About me...
First, the basics: I'm a third year PhD student in the Computer Science Department at Purdue University; my advisor is Dr. Chris Clifton, and my research focuses on Differentially Private Datamining. In short, this is the trick of studying groups of people, and then publicly releasing the results of your study, while still protecting the privacy of the individuals in the group. This often requires pulling together concepts from algorithms, combinatorics, data-mining, machine learning, and statistics to provide provable mathematical guarantees that both the individuals will be safe and the released data will still be useful.
At Purdue, I'm a graduate student member of the NSF Center for the Science of Information(CoSI) and the Center for the Education and Research in Information Assurance and Security (CERIAS). I have previously worked at the Air Force Research Labs at Wright-Patterson Air Force Base in Dayton, Ohio, and Sandia National Labs in Livermore, CA; this summer I will be working at the Naval Research Labs in Washington, DC. I am currently a visiting scholar at Howard University, where I assist in mentoring undergraduate computer science students through CoSI.

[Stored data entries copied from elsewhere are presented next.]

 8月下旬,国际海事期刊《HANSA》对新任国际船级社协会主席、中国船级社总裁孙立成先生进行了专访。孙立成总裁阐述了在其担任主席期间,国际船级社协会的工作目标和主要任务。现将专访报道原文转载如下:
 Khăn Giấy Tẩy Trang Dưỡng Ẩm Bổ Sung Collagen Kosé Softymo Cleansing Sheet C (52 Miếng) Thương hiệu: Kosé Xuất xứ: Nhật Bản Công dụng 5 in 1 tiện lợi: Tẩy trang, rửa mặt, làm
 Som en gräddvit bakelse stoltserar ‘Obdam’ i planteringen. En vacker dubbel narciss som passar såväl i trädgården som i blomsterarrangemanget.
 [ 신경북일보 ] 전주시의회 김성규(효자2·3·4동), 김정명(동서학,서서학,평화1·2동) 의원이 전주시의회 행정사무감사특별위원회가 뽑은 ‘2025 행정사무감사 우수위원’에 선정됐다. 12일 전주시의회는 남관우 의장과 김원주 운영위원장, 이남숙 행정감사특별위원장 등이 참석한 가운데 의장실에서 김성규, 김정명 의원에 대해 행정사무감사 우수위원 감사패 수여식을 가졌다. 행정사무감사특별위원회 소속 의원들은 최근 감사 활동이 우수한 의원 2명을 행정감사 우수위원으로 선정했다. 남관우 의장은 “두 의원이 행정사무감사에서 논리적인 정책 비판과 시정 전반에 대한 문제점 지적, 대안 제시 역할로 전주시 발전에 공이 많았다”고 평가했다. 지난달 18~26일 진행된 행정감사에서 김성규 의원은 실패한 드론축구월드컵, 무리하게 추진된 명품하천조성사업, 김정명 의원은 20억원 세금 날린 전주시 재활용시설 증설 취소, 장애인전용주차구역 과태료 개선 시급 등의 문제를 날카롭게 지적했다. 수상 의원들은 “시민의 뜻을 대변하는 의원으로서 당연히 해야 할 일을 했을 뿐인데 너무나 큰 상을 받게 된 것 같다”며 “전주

My undergraduate degree is in theoretical Math from Ohio State University, where I also earned minors in Physics, Computer Science, and History (and a few years experience in stage combat*). My M.S. in Computer Science is from Indiana University; while there, I enjoyed several years of teaching Discrete Math and Computability Theory to IU undergradaute computer science students, often in terms of pirates and pies.
I have two cats, one husband, one philodendren, a fuel-efficient car, a remarkably ugly suitcase that goes *everywhere*, and a lot of books.
Research
Statement
My research applies differential privacy to social network analysis and text-mining. My work focuses on restricting data-sets and queries to reduce their sensitivity to individuals' contributions, while still maintaining utility. Low-sensitivity queries can be privatized by adding noise to obfuscate individual influence on the query results.Differential Privacy Tutorial
Posters and Talks
Papers
- C. Task, C. Clifton: What should we protect? Defining Differential Privacy for Social Network Analysis" Springer Journal of Social Network Analysis and Mining (2013).

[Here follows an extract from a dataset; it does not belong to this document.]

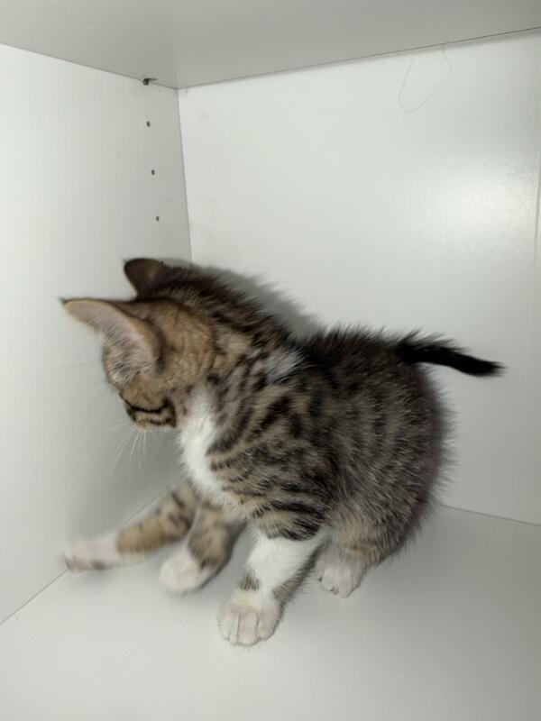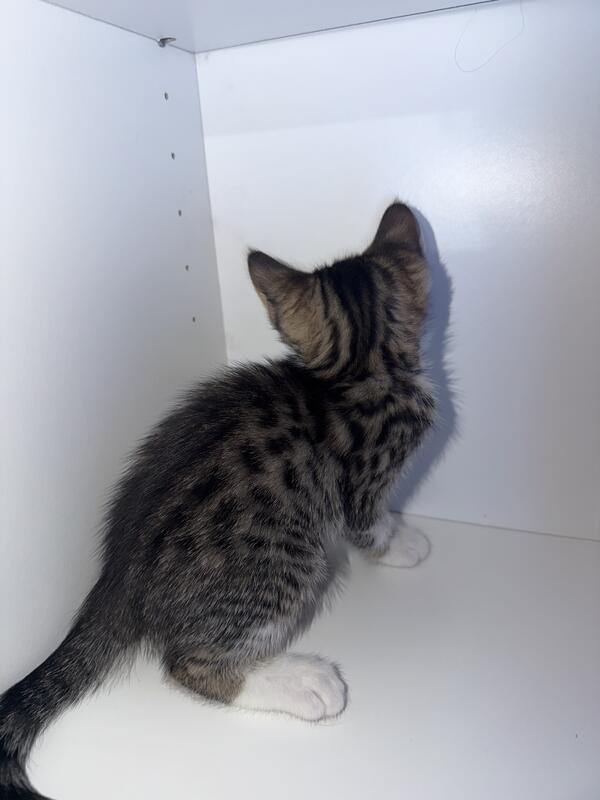 This is an 8 Week old female half bengal kitten. The mother is a pure Bengal and the father is an American short hair.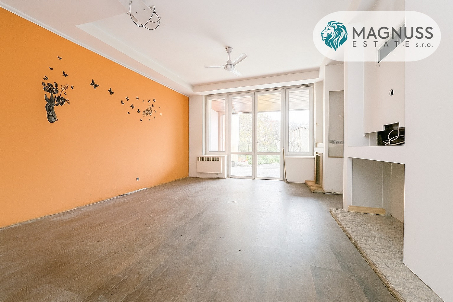 Z obývacího pokoje je přímý vstup na terasovou část se zahradou, ideální pro odpočinek nebo rodinné posezení.

- C. Task, C. Clifton: A Guide to Differential Privacy Theory in Social Network Analysis. In Proceedings of the 2012 IEEE/ACM International Conference on Advances in Social Networks Analysis and Mining (ASONAM).
- T.Kolda, A.Pinar, T. Plantenga, C. Seshadhri, C. Task: Counting Triangles in Massive Graphs with MapReduce. In submission to SIAM Journal on Scientific Computing: Planet Earth and Big Data Special Section 2013.